Zoas are though!

reev

New member
Just thought to share my recent experience.

On Monday evening I started a major reascaping in my tank. I have a tank with LPS, SPS, a few Zoas & mushrooms. My goal was to better arrange the rocks in 2 sides, to separate the SPS from LPS and to get rid of some non-interesting Zoas (grayish,pale color) that took over most of the low rocks in one side.

Monday evening I took out those Zoa rocks and I placed them on a cardboard in the garage. Then I continued with my reascaping, made a huge sand cloud in the tank and I had to stop half way through.

Tuesday evening when I got back from work the water was cleared and I noticed that I don't find a small candy apple Zoas colony that I used to have. I starred around at the rocks that I moved & couldn't find the Zoas anywhere. Then, later on, at dinner time, I realized that they could be on one of the rocks I took out the night before. And for sure it was - right there in the garage, out in the cold, on the cardboard with the other rocks.

The rock was barely moist, but the Zoa polyps were still visible. I said to give it a try: I dumped the rock back into the tank. Pretty stupid :(((, no acclimation, nothing. I just put the rock back in the water.
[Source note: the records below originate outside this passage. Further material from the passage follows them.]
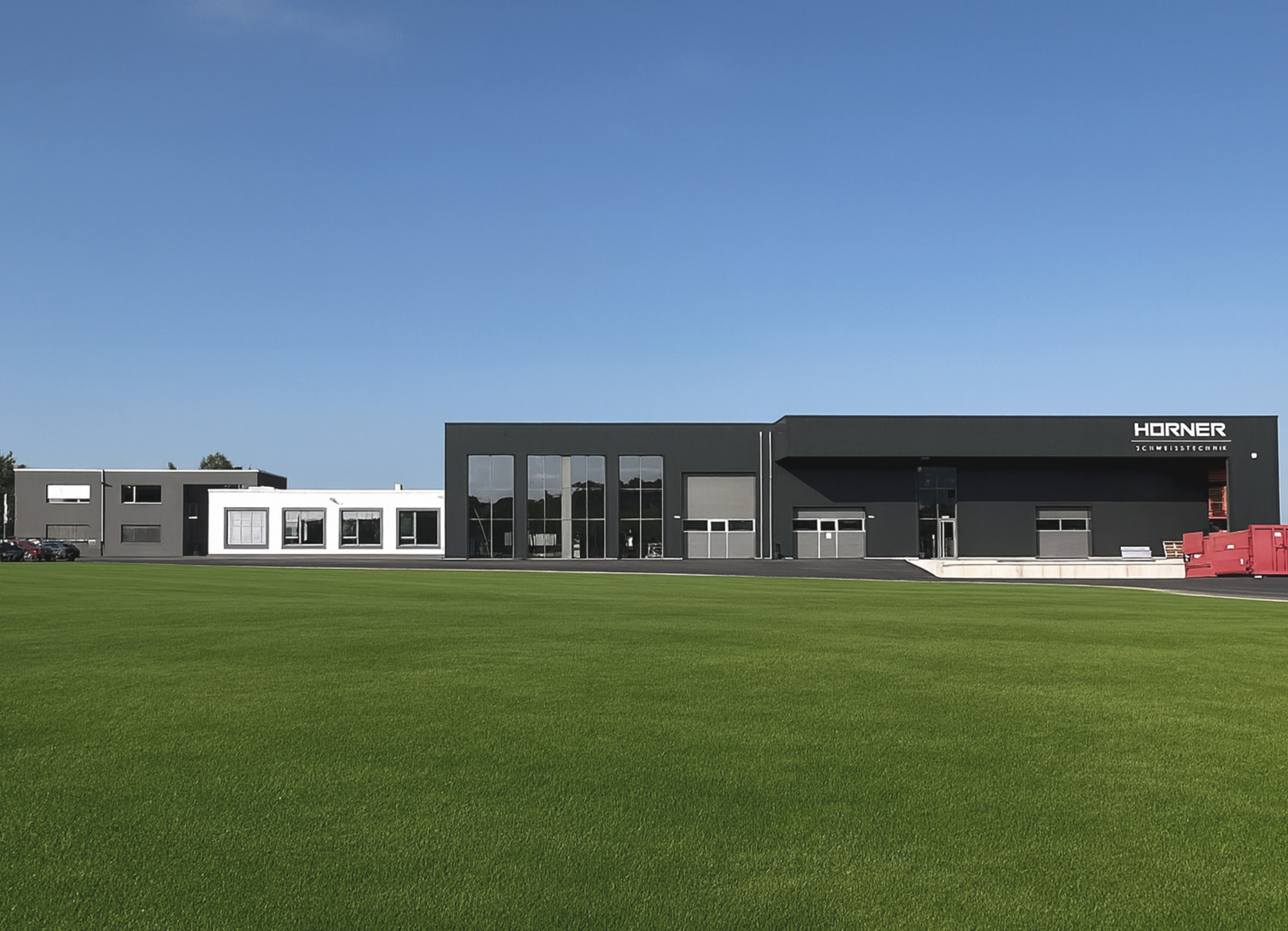 Neubau eines Industrie- und Technologiezentrums in Mücke fertiggestellt. Die Neubauten erweitern den bestehenden Produktionsstandort der Hürner Schweißtechnik zu einem Technologiecampus.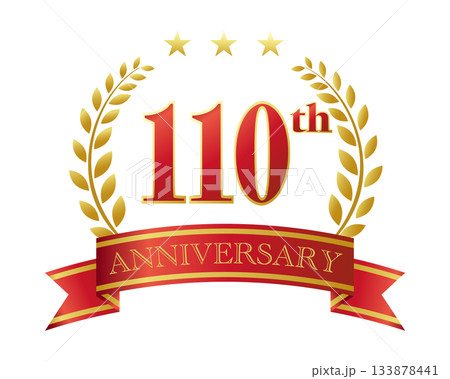 110周年記念のアイコン。赤いリボンと装飾フレーム。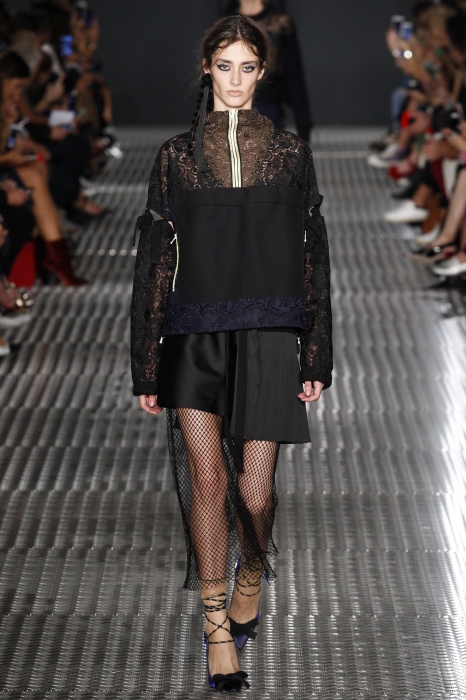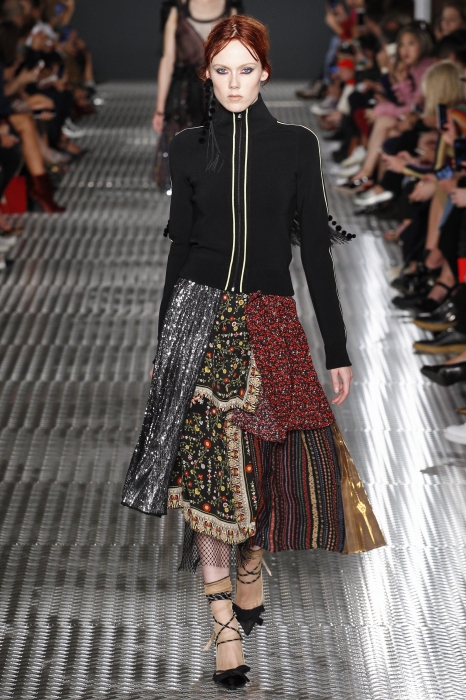 Дизайнер также эксплуатирует спортивную тему: кружевные блузы скроены на манер анораков, а олимпийка заправлена в пэчворк-юбку с блестками.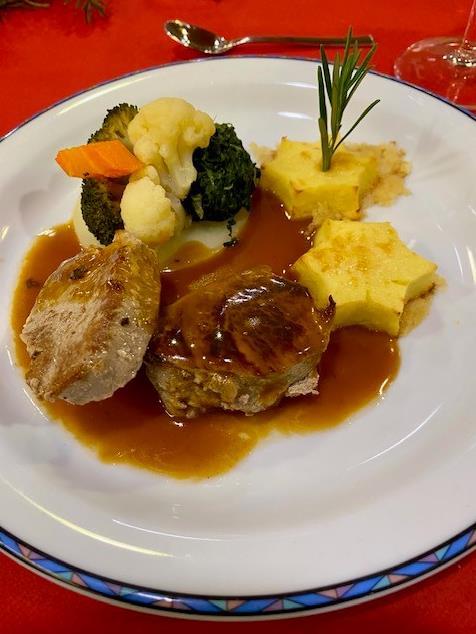Aargauer Schweinebraten an Zwetschgensauce, Kartoffelgratin, grüne Bohnen, Zwiebeln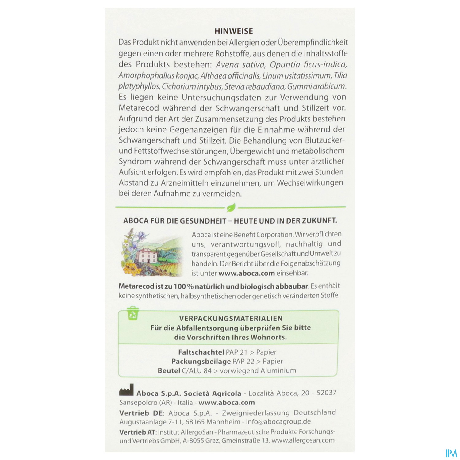 Das Produkt nicht anwenden bei Allergien oder Überempfindlichkeit gegen einen oder mehrere Rohstoffe, aus denen die Inhaltsstoffe des Produkts bestehen: Avena sativa, Opuntia ficus-indica, Amorphophallus konjac, Althaea officinalis, Linum usitatissimum, Tilia platyphyllos, Cichorium intybus, Stevia rebaudiana, Gummi arabicum. Es liegen keine Untersuchungsdaten zur Verwendung von Metarecod während der Schwangerschaft und Stillzeit vor. Aufgrund der Art der Zusammensetzung des Produkts bestehen jedoch keine Gegenanzeigen für die Einnahme während der Schwangerschaft und Stillzeit. Die Behandlung von Blutzucker- und Fettstoffwechselstörungen, Übergewicht und metabolischem Syndrom während der Schwangerschaft muss unter ärztlicher Aufsicht erfolgen. Es wird empfohlen, das Produkt mit zwei Stunden Abstand zu Arzneimitteln einzunehmen, um Wechselwirkungen bei deren Aufnahme zu vermeiden.

Wednesday eve when I got back from work again, Surprise! The candy apple zoas from that rock were alive & open! Today they're still doing fine!

So they survived out of the water, in the cold temperature of the garage for almost 24h. And they survived the temp shock from ~50F in the garage to 76F in my tank.

I'm curious how much they got affected, I guess it would take some time to tell if they slowly melt or recover & produce some offspring.
 
They'll be fine if they look open and happy now. I did this once before with zoas, close to same temps and duration. No ill effects.
 
In the wild some zoa's are out of the water for hours at a time being blasted by intense heat and rays of the sun. They can take heat a LOT more than long term durations in cold.